### Aim of the exercise
In the material below, find the line containing "Монгол Ардын Хувьсгалт" and output it and all lines after it exactly, through the last one, without the pictures.

### Given information

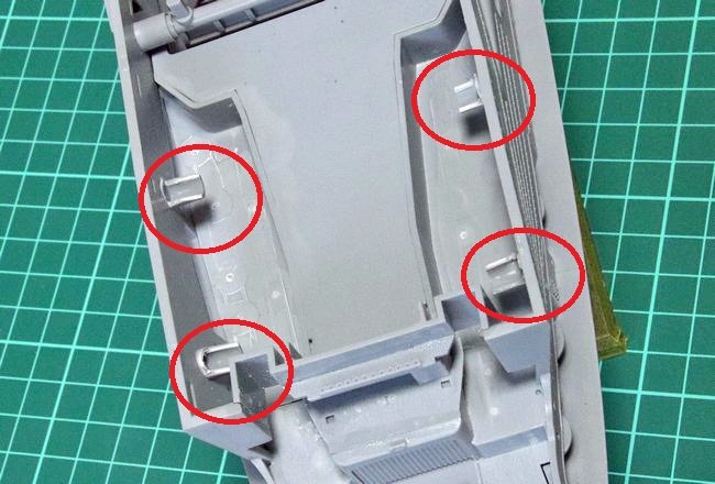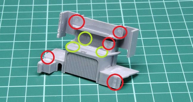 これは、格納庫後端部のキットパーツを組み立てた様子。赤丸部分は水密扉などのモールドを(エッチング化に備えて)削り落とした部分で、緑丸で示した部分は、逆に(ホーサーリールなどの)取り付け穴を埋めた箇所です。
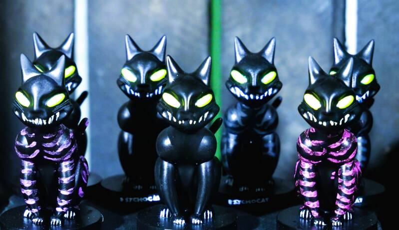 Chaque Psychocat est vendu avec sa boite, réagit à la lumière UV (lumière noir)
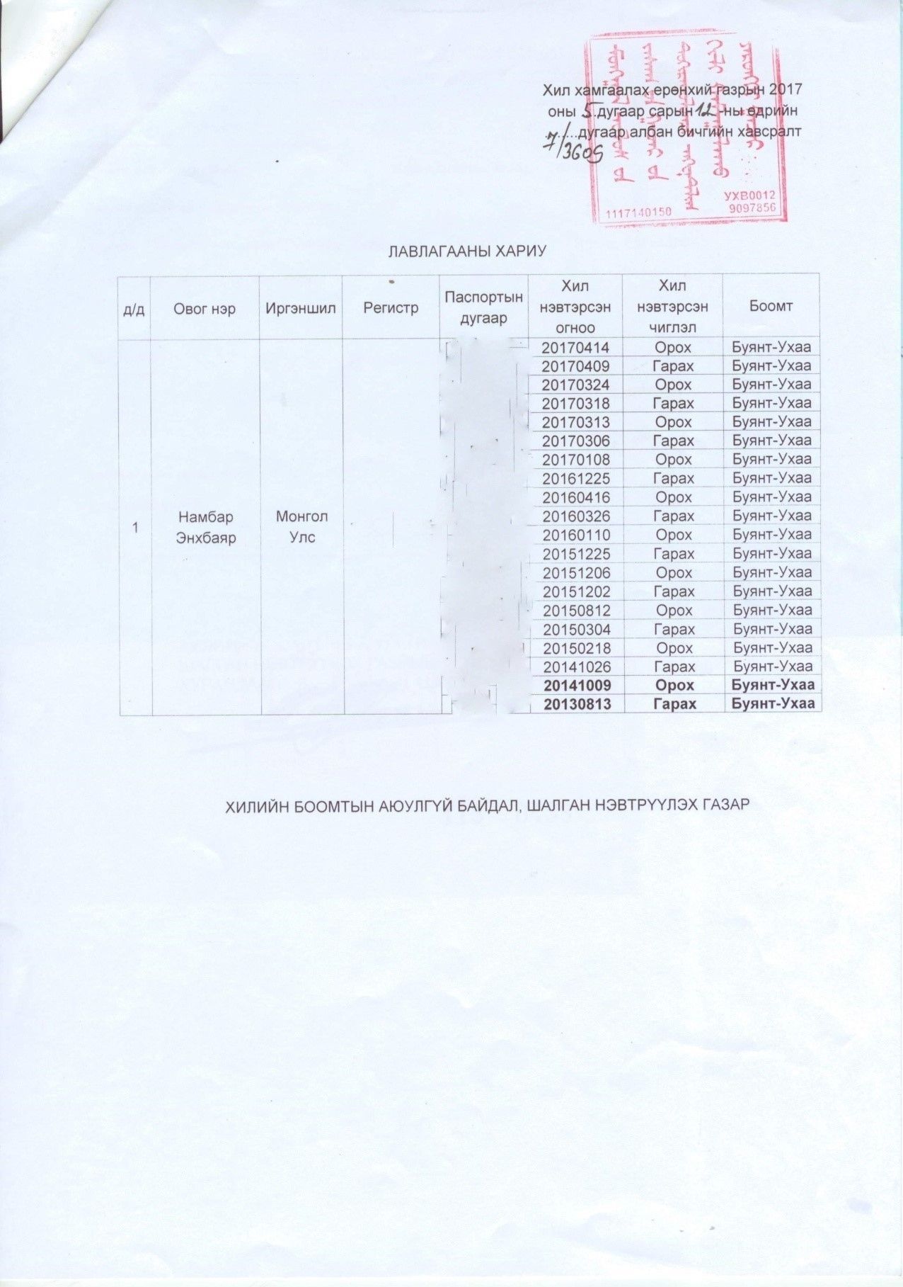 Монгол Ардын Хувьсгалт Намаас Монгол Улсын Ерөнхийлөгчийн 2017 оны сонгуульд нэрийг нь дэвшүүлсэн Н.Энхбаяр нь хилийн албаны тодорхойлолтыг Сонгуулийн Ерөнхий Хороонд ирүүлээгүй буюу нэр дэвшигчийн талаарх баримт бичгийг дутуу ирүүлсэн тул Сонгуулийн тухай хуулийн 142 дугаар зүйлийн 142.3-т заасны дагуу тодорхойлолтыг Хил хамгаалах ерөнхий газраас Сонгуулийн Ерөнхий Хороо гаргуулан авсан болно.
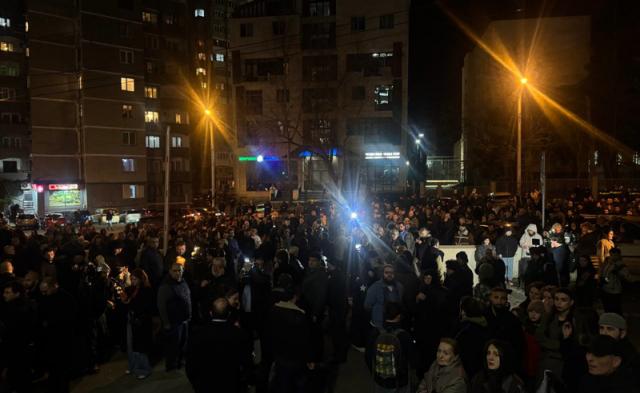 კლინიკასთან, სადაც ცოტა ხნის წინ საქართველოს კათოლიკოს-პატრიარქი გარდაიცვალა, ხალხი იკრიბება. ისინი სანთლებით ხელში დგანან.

### Exercise response
 Монгол Ардын Хувьсгалт Намаас Монгол Улсын Ерөнхийлөгчийн 2017 оны сонгуульд нэрийг нь дэвшүүлсэн Н.Энхбаяр нь хилийн албаны тодорхойлолтыг Сонгуулийн Ерөнхий Хороонд ирүүлээгүй буюу нэр дэвшигчийн талаарх баримт бичгийг дутуу ирүүлсэн тул Сонгуулийн тухай хуулийн 142 дугаар зүйлийн 142.3-т заасны дагуу тодорхойлолтыг Хил хамгаалах ерөнхий газраас Сонгуулийн Ерөнхий Хороо гаргуулан авсан болно.
 კლინიკასთან, სადაც ცოტა ხნის წინ საქართველოს კათოლიკოს-პატრიარქი გარდაიცვალა, ხალხი იკრიბება. ისინი სანთლებით ხელში დგანან.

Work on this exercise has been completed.